Data entries:
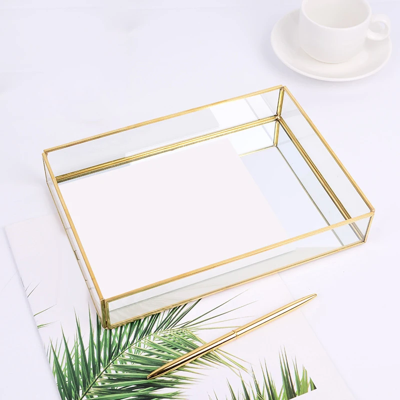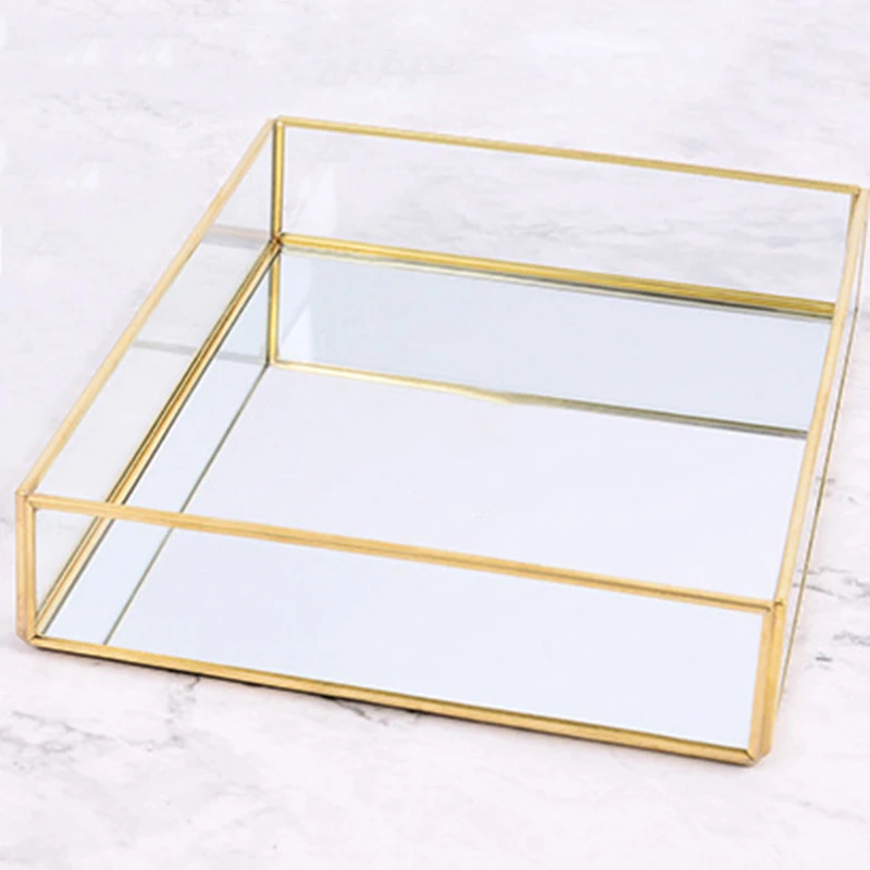 Зеркало с золотым подносом, прямоугольный зеркальный поднос вмещает духи, украшения, косметику, макияж, журнал и многое другое, декоративный поднос для Vani
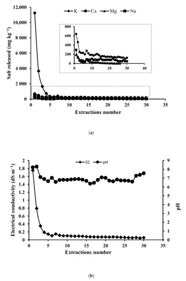 These properties are related to the BC’s capacity to sorb nutrients and to serve as microsites for soil microorganisms [30]. In addition, slow P adsorption increased with specific surface area, micro and meso-porosity, and ferrihydrite impurities [31]. BC functional surface groups with the potential to influence sorption reactions were composed of phenolics (80%), carboxylics (17%), and lactones (3%). Cumulative water extractable Ca, Mg, K, and Na totaled 5835, 1014, 19,713, and 5.835 mg kg−1 (Figure 2a), and dissolved organic Carbon (DOC) equaled 23.9 g kg−1. BC was 62% ash with a pH of 9.8. The initial high electrical conductivity of the BC rapidly decreased as it was sequentially leached with water, while the BC pH remained relatively high after an initial decrease (Figure 2b).
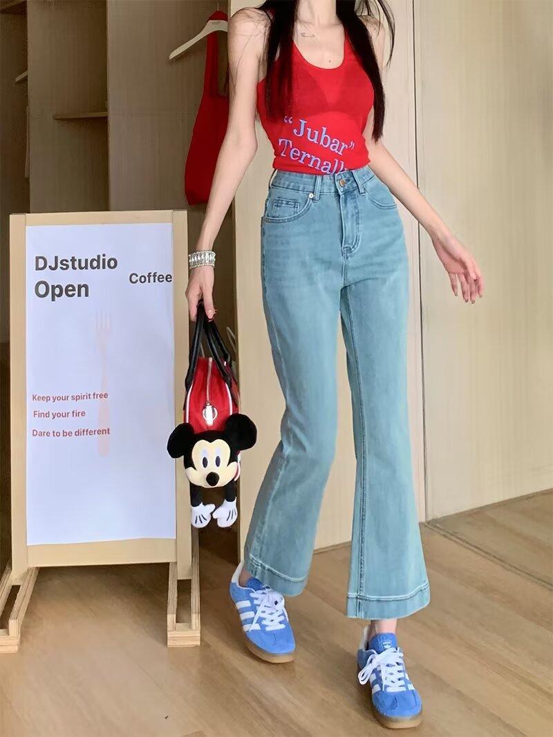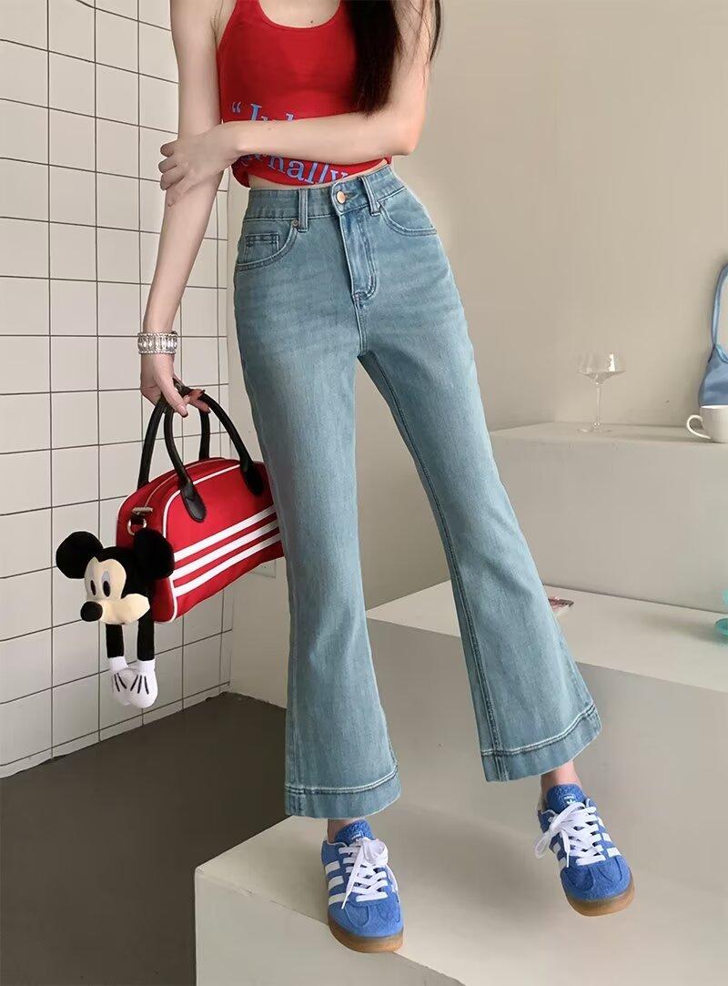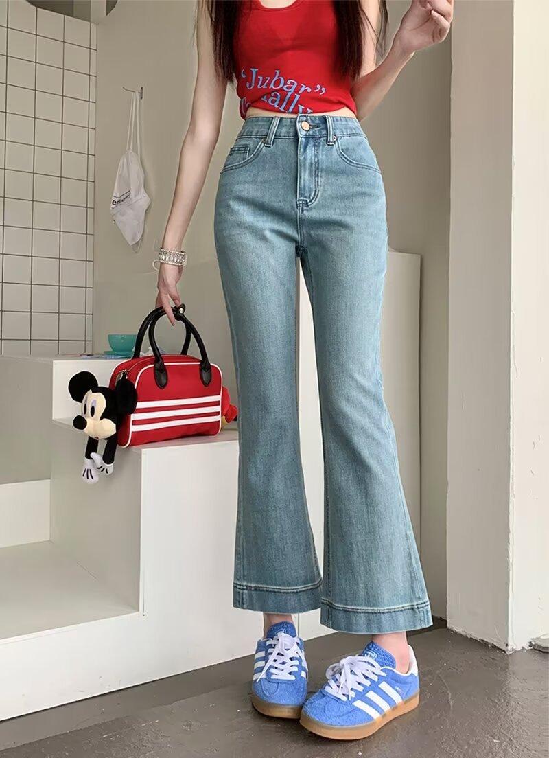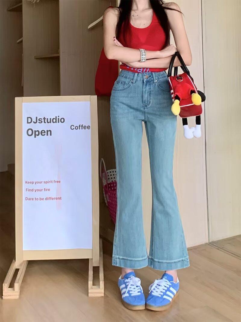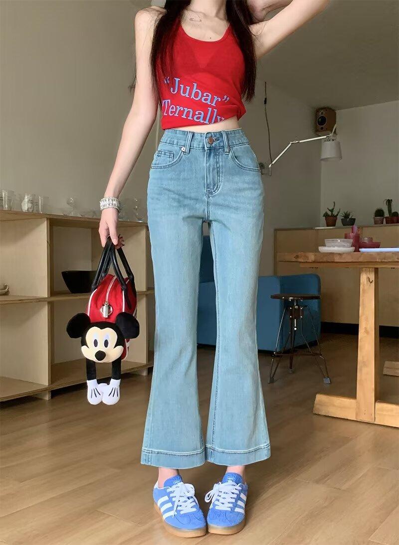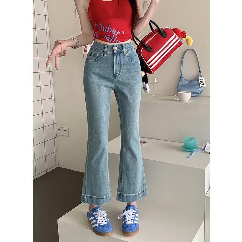Jeans Micro-La de Cintura Alta para Mujer Verano 2025 Delgados Figura de Pera Talla Grande Adelgazantes Recortados Acampanados
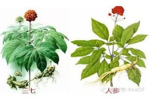 三七如此珍贵,但是很多人却知道人参而不知道三七。现代植物学研究也证明,三七与被誉为百草之王的人参、西洋参是近亲,它们同属五加科人参属植物,并都以皂苷为主要有效成分。但它们既有相同之处,又有明显的不同点,区别在于药用价值和药理作用的不完全相同。下面我们一起来看:
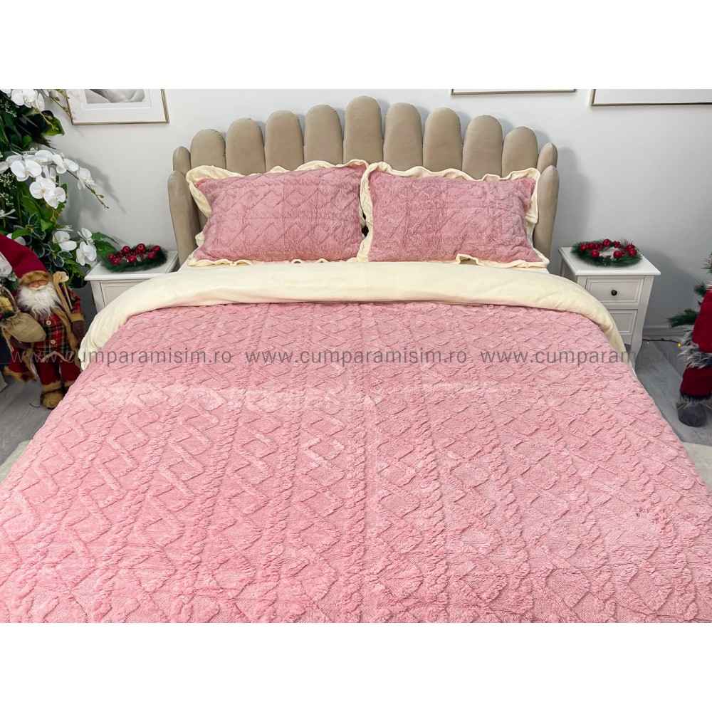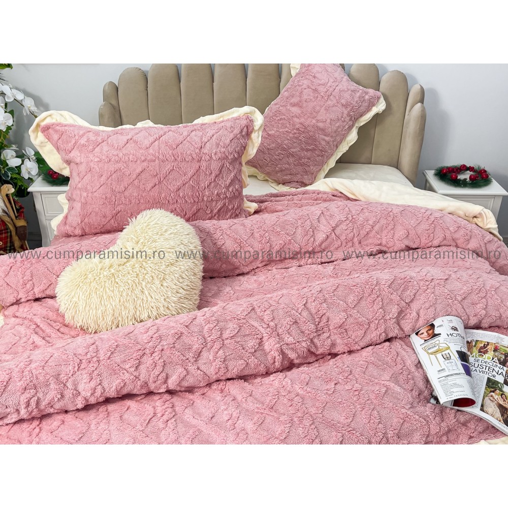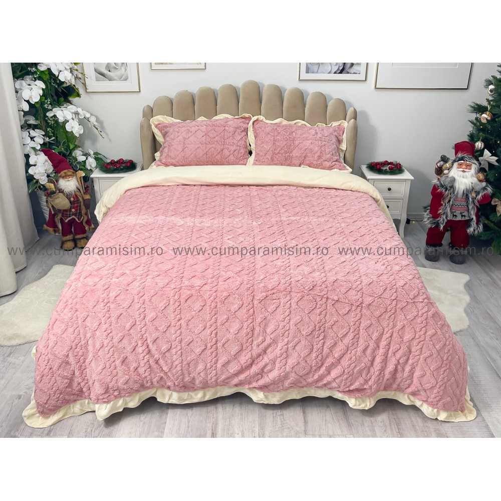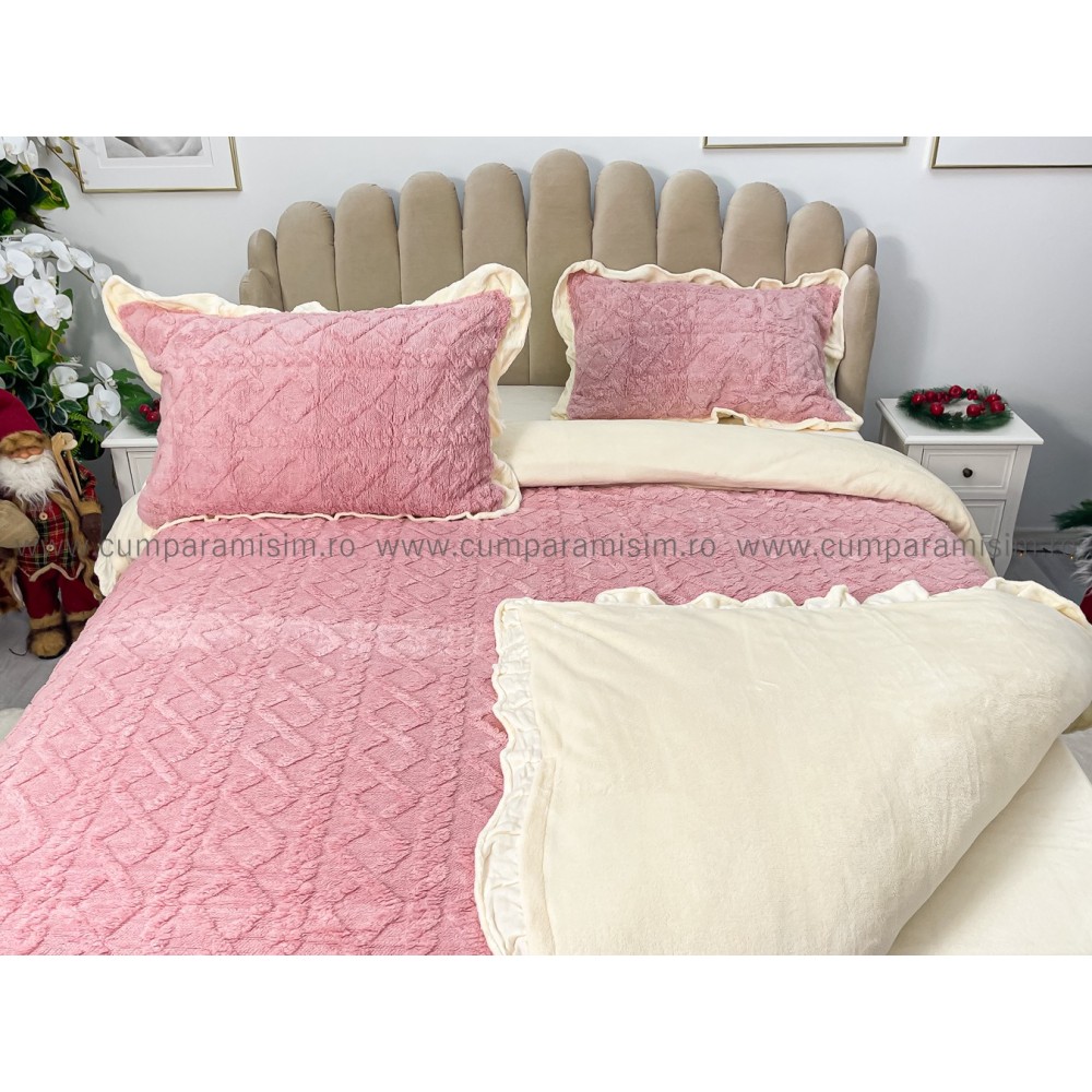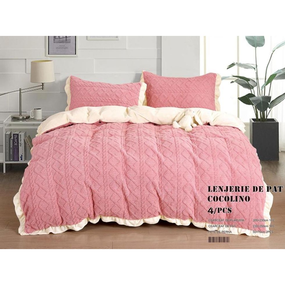 Lenjerie pentru pat dublu pufoasa CoCoLiNo cu VoLaNaSe, tip tricotaj, 4 piese, Roz, cod produs: EXP108

What you will do
Write out exactly the lines above, from the very first through the line containing "These properties are", both kept, with the pictures removed.

Answer to this problem
 Зеркало с золотым подносом, прямоугольный зеркальный поднос вмещает духи, украшения, косметику, макияж, журнал и многое другое, декоративный поднос для Vani
 These properties are related to the BC’s capacity to sorb nutrients and to serve as microsites for soil microorganisms [30]. In addition, slow P adsorption increased with specific surface area, micro and meso-porosity, and ferrihydrite impurities [31]. BC functional surface groups with the potential to influence sorption reactions were composed of phenolics (80%), carboxylics (17%), and lactones (3%). Cumulative water extractable Ca, Mg, K, and Na totaled 5835, 1014, 19,713, and 5.835 mg kg−1 (Figure 2a), and dissolved organic Carbon (DOC) equaled 23.9 g kg−1. BC was 62% ash with a pH of 9.8. The initial high electrical conductivity of the BC rapidly decreased as it was sequentially leached with water, while the BC pH remained relatively high after an initial decrease (Figure 2b).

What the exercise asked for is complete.